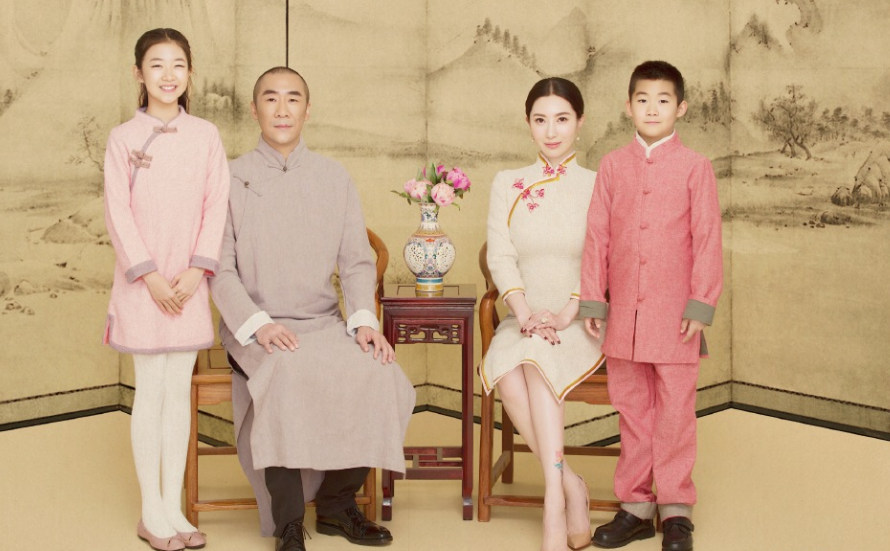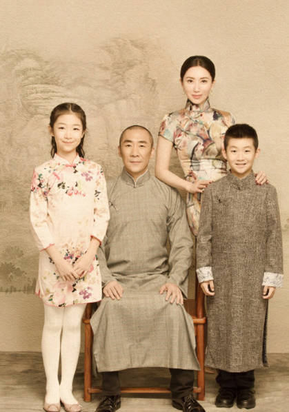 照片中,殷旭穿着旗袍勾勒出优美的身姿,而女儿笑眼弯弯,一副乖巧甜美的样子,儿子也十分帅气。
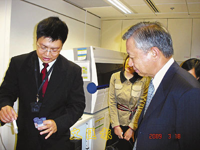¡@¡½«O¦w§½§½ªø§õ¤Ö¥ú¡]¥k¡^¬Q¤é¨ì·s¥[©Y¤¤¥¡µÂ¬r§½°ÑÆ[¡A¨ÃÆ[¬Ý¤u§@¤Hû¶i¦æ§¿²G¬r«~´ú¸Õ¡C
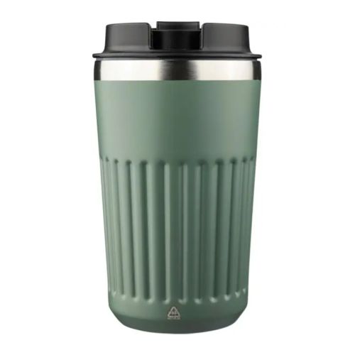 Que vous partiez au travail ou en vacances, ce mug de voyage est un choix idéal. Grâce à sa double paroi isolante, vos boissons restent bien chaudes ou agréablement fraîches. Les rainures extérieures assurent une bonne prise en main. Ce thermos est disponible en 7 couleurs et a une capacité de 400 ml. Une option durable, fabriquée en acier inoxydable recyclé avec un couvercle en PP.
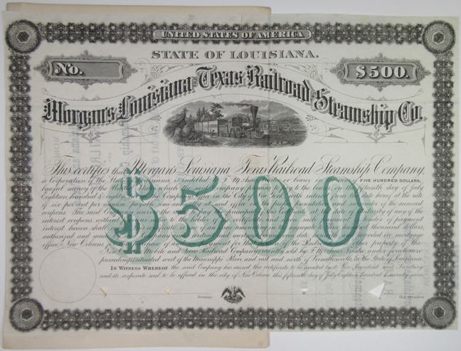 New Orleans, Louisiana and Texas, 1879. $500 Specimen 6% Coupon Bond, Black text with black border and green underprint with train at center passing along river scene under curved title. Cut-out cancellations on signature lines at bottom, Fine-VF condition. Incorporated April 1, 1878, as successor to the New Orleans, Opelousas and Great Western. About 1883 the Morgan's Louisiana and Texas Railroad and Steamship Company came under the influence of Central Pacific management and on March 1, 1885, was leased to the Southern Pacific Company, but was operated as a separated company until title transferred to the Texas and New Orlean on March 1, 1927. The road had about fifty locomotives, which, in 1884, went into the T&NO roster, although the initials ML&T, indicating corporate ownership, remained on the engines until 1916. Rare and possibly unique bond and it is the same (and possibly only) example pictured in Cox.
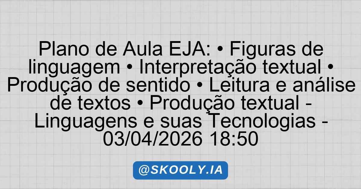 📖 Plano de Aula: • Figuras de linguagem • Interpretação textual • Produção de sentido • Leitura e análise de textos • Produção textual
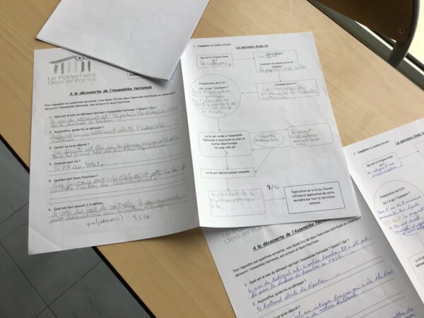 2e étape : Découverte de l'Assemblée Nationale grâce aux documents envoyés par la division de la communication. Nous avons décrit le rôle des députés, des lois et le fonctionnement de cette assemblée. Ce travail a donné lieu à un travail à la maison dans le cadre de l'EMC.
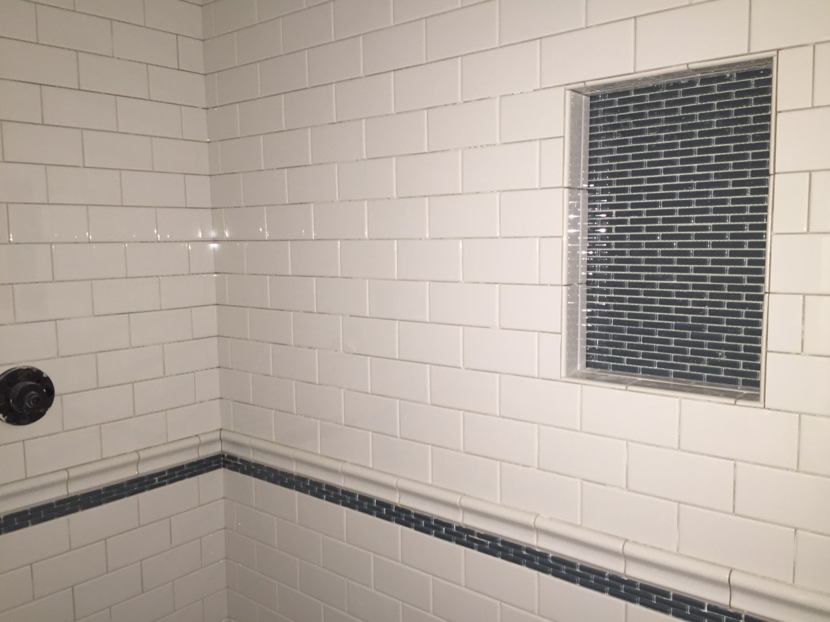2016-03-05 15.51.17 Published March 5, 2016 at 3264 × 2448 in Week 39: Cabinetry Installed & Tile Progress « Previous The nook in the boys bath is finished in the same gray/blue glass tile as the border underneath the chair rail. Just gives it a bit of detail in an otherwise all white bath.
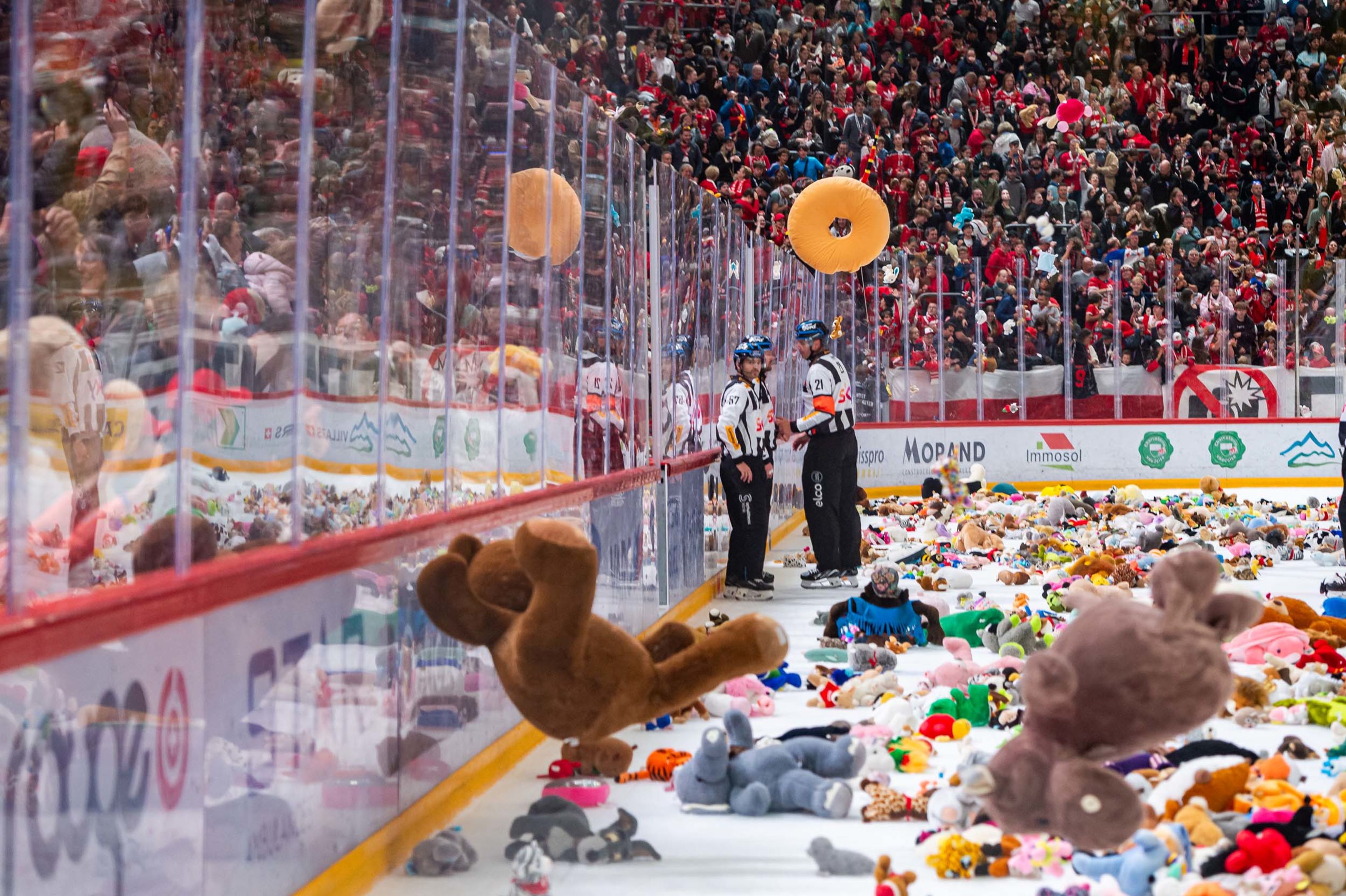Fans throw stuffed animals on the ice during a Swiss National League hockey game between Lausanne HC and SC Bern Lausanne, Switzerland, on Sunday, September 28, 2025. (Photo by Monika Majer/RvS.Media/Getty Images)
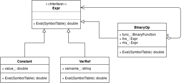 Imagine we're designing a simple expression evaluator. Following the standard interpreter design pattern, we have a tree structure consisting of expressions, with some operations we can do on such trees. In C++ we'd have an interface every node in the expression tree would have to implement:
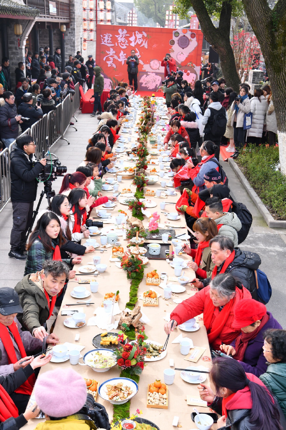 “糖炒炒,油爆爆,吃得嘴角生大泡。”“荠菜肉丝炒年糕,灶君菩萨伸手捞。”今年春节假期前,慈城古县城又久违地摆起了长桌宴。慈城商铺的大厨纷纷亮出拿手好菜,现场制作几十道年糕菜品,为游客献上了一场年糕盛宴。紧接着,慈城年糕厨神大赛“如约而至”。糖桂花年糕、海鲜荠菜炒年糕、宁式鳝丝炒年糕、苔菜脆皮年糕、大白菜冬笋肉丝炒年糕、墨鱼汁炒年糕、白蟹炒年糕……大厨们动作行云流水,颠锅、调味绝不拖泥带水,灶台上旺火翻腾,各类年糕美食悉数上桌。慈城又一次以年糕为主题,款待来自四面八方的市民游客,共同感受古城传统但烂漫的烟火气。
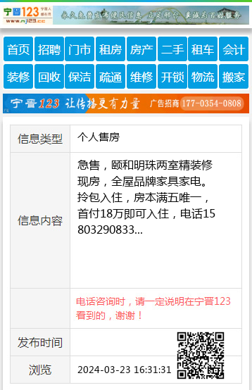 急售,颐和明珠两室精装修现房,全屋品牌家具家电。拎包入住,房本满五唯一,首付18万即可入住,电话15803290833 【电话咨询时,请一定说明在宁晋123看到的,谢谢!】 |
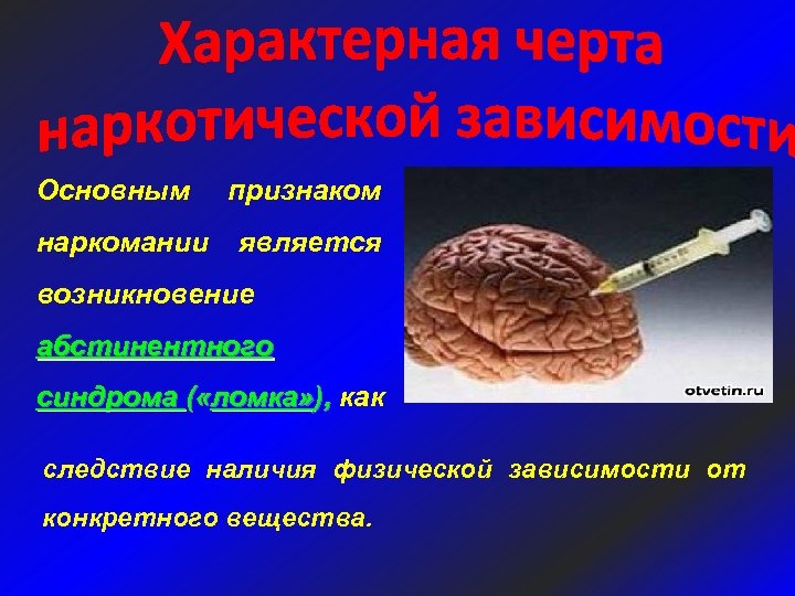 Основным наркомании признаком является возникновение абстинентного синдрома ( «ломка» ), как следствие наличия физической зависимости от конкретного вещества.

========

Work order: Return the material from the line containing "New Orleans, Louisiana" through the line containing "Fans throw stuffed", exactly and in full, but without its pictures.

Result of this exercise:
 New Orleans, Louisiana and Texas, 1879. $500 Specimen 6% Coupon Bond, Black text with black border and green underprint with train at center passing along river scene under curved title. Cut-out cancellations on signature lines at bottom, Fine-VF condition. Incorporated April 1, 1878, as successor to the New Orleans, Opelousas and Great Western. About 1883 the Morgan's Louisiana and Texas Railroad and Steamship Company came under the influence of Central Pacific management and on March 1, 1885, was leased to the Southern Pacific Company, but was operated as a separated company until title transferred to the Texas and New Orlean on March 1, 1927. The road had about fifty locomotives, which, in 1884, went into the T&NO roster, although the initials ML&T, indicating corporate ownership, remained on the engines until 1916. Rare and possibly unique bond and it is the same (and possibly only) example pictured in Cox.
 📖 Plano de Aula: • Figuras de linguagem • Interpretação textual • Produção de sentido • Leitura e análise de textos • Produção textual
 2e étape : Découverte de l'Assemblée Nationale grâce aux documents envoyés par la division de la communication. Nous avons décrit le rôle des députés, des lois et le fonctionnement de cette assemblée. Ce travail a donné lieu à un travail à la maison dans le cadre de l'EMC.
2016-03-05 15.51.17 Published March 5, 2016 at 3264 × 2448 in Week 39: Cabinetry Installed & Tile Progress « Previous The nook in the boys bath is finished in the same gray/blue glass tile as the border underneath the chair rail. Just gives it a bit of detail in an otherwise all white bath.
Fans throw stuffed animals on the ice during a Swiss National League hockey game between Lausanne HC and SC Bern Lausanne, Switzerland, on Sunday, September 28, 2025. (Photo by Monika Majer/RvS.Media/Getty Images)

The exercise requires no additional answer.